# Question about Flex payday.



## pdaddy (Jun 5, 2017)

Brand new to this, and from what I've read, amazon pays twice a week(Tuesday and Friday). Does the money always show up in your account the next day?


----------



## Drgnslyr221 (Sep 13, 2017)

Mine usually shows up by 6pm that day, but that may not be the case with your bank.


----------



## pdaddy (Jun 5, 2017)

Drgnslyr221 said:


> Mine usually shows up by 6pm that day, but that may not be the case with your bank.


On Wednesday and Saturday?


----------



## Movaldriver (Feb 20, 2017)

Tuesday and Friday


----------



## Drgnslyr221 (Sep 13, 2017)

pdaddy said:


> On Wednesday and Saturday?


 No, Tuesday and Friday


----------



## enigmaquip (Sep 2, 2016)

Like any electronic transfer for pay, the payment is initiated on a given day (in this case tuesday and friday) and different banks post them to your account at different times depending on how they reconcile them.
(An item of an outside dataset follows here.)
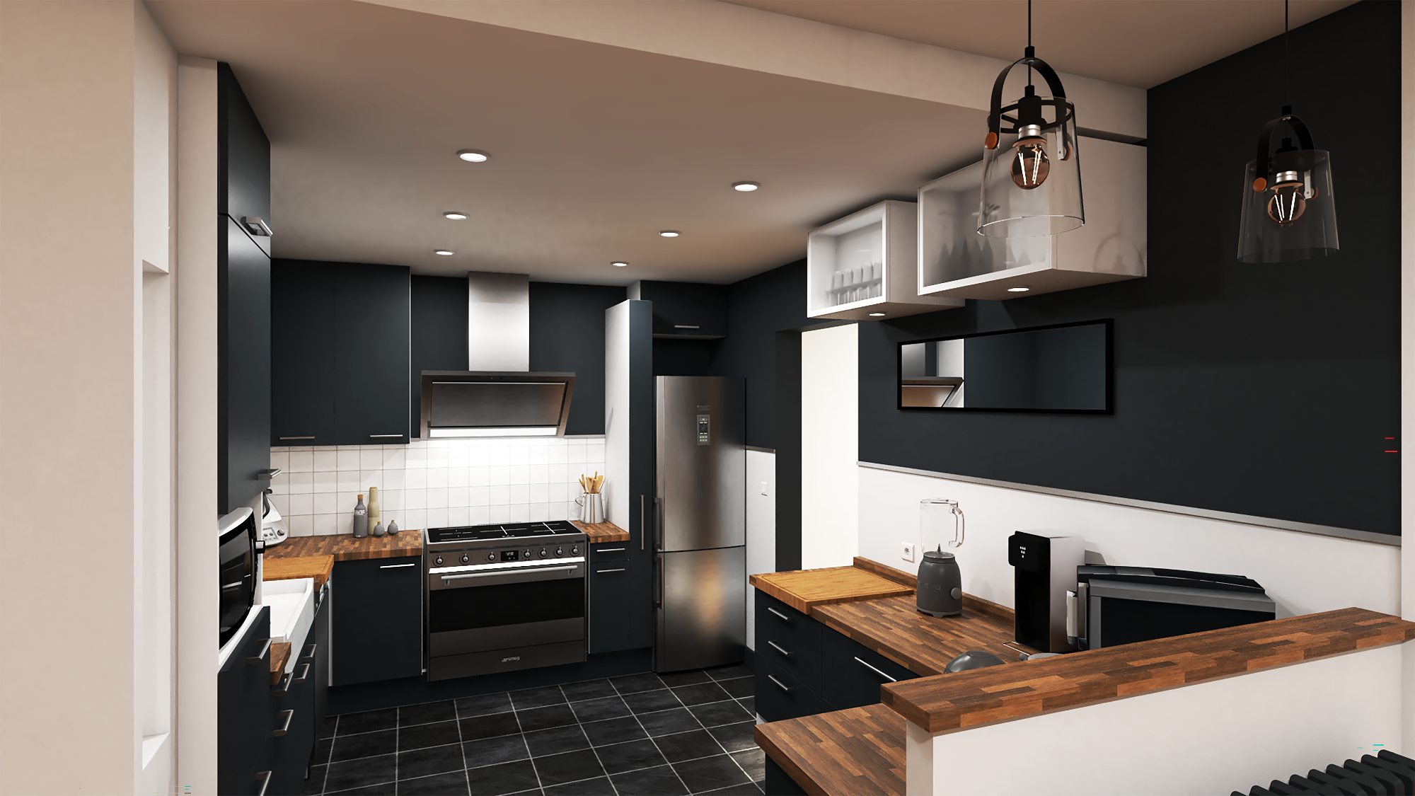 - Créer une cuisine fonctionnelle et conviviale intégrée à l’espace de vie principal, afin de renforcer la fluidité entre les zones repas et détente.

So noone can give you a perfect answer.... All we can say is that amazon initiates the pay on tuesday and friday


----------



## nighthawk398 (Jul 21, 2015)

Sane day


----------



## soupergloo (Jul 24, 2015)

I'll get the email for the deposit in the morning, and the money is always available in my account by 2:30 PM PST same day.


----------



## Movaldriver (Feb 20, 2017)

Mine at 2 pm PST


----------